RECORDS PROVIDED:

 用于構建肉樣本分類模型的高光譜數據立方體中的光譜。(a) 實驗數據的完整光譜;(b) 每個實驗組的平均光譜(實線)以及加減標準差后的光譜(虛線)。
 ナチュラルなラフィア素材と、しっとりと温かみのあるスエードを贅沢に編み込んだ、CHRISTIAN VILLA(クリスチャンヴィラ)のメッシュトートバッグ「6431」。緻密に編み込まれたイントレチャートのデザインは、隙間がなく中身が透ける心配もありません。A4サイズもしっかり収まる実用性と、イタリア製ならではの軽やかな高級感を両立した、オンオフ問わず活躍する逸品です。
==
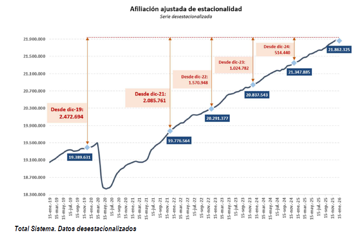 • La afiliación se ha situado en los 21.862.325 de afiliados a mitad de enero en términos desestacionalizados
---
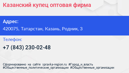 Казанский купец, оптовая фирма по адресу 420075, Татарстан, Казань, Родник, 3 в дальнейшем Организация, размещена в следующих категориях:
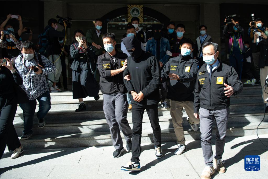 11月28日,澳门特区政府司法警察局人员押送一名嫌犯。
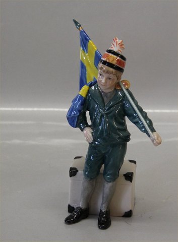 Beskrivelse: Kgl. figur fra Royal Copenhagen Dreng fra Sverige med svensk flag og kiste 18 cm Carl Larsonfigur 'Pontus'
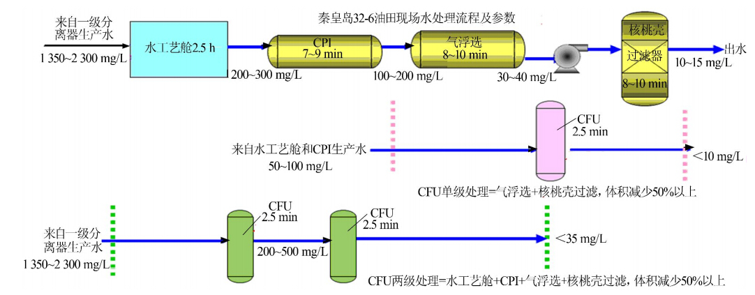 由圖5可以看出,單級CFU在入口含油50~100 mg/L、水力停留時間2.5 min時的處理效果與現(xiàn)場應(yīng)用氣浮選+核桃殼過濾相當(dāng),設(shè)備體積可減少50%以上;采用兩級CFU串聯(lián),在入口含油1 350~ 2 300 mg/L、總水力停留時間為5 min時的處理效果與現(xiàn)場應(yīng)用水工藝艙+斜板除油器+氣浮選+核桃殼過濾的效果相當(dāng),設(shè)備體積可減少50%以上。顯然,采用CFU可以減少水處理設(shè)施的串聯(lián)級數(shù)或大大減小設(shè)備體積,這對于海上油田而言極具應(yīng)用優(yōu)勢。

GOAL OF THE EXERCISE:
Your reply should consist solely of the lines above from the line containing "11月28日,澳门特区政府司法警察局人员押送一名嫌犯。" up to and including the line containing "2 300 mg/L、總水力停留時間為5", reproduced exactly, minus the pictures.

ANSWER SECTION:
 11月28日,澳门特区政府司法警察局人员押送一名嫌犯。
 Beskrivelse: Kgl. figur fra Royal Copenhagen Dreng fra Sverige med svensk flag og kiste 18 cm Carl Larsonfigur 'Pontus'
 由圖5可以看出,單級CFU在入口含油50~100 mg/L、水力停留時間2.5 min時的處理效果與現(xiàn)場應(yīng)用氣浮選+核桃殼過濾相當(dāng),設(shè)備體積可減少50%以上;采用兩級CFU串聯(lián),在入口含油1 350~ 2 300 mg/L、總水力停留時間為5 min時的處理效果與現(xiàn)場應(yīng)用水工藝艙+斜板除油器+氣浮選+核桃殼過濾的效果相當(dāng),設(shè)備體積可減少50%以上。顯然,采用CFU可以減少水處理設(shè)施的串聯(lián)級數(shù)或大大減小設(shè)備體積,這對于海上油田而言極具應(yīng)用優(yōu)勢。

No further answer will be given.